AN: Kami sempat beradu argumen dengan manajer kami, tapi kalau promotor di Hongkong saja sudah menyarankan agar membatalkan pertunjukan, tidak ada lagi yang bisa dilakukan.
Tur Drab Majesty kali ini, selain mengunjungi tiga kota di Asia juga meliputi daratan Australia dan Selandia Baru di sepanjang bulan Februari. Mereka melakukannya dalam rangka merayakan Modern Mirror, album penuh ketiga yang terbit pada pertengahan tahun 2019 silam di mana semua hal berkembang menjadi lebih serius dan mendetail, terutama bagi Andrew sebagai penulis lagunya.
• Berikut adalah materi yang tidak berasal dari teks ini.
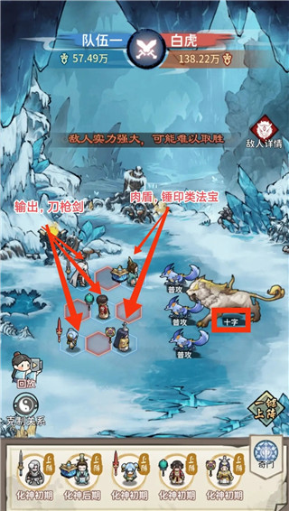 法宝: 看法宝的描述,结合对方的站位做出合适的 顺序调整,建议炼制刀枪锤类法宝优先
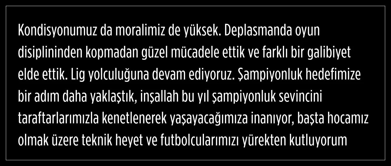 Ligin zorluk seviyesinin farkında olduklarını söyleyen Teknik Direktör Ahmet Uçar, kondisyonlarının her geçen gün artmaya devam ettiğini kaydetti. Disiplinli çalışmanın meyvesini galibiyetle almanın mutluluk verici olduğunu ifade eden Uçar, morallerinin yüksek olduğunu belirtti. Ahmet Uçar, şampiyon olaraklarını ve kupayı Kahramankazan’a getireceklerini kaydetti.

Dia telah menghilang selama dua bulan ketika akhirnya Alex bertemu dengannya di sebuah kamar flat di kota Athena, Yunani, yang peruntukkannya telah disulap menjadi sebuah studio amatir. Tempat keduanya tidur sekaligus menggodok materi seminggu ke depan. Alex masih mengingat jelas momen tersebut – itu terjadi sehari setelah malam tahun baru 2018 – dan menceritakannya secara romantik. “Saya mendarat di Moskow dalam cuaca salju Eropa. Untuk transit beberapa jam sebelum terbang rendah menuju Athena. Di bandara seorang supir menjemput dan kami berkendara selama satu jam ke tengah kota, sampai tiba-tiba Acropolis telah muncul begitu saja dalam pandangan malam. Di sanalah Andrew menunggu, dia datang sambil berlari kecil di atas apal berbatu untuk memberikan saya sebuah pelukan. Kemudian kami bereuni di kamar flatnya, dan ternyata dia sudah punya semacam rutinitas setiap harinya. Semua terasa sangat keren. Seketika itu juga saya mendapat inspirasi. Saya merasa ‘jazz’.”
Kenapa Athena?
AC: Sebelumnya kami sudah pernah beberapa kali mengunjunginya dan jatuh cinta dengan kota itu. Saya merasa terbangkitkan oleh arsitektur dan kultur di sana. Saya tidak bisa menjelaskannya dengan kata-kata, tapi saya tahu telah berada di tempat yang tepat. Secara geografi Athena punya kesamaan dengan L.A. Kami sering tur keliling Eropa, tapi hanya di Athena kami merasa seperti di rumah.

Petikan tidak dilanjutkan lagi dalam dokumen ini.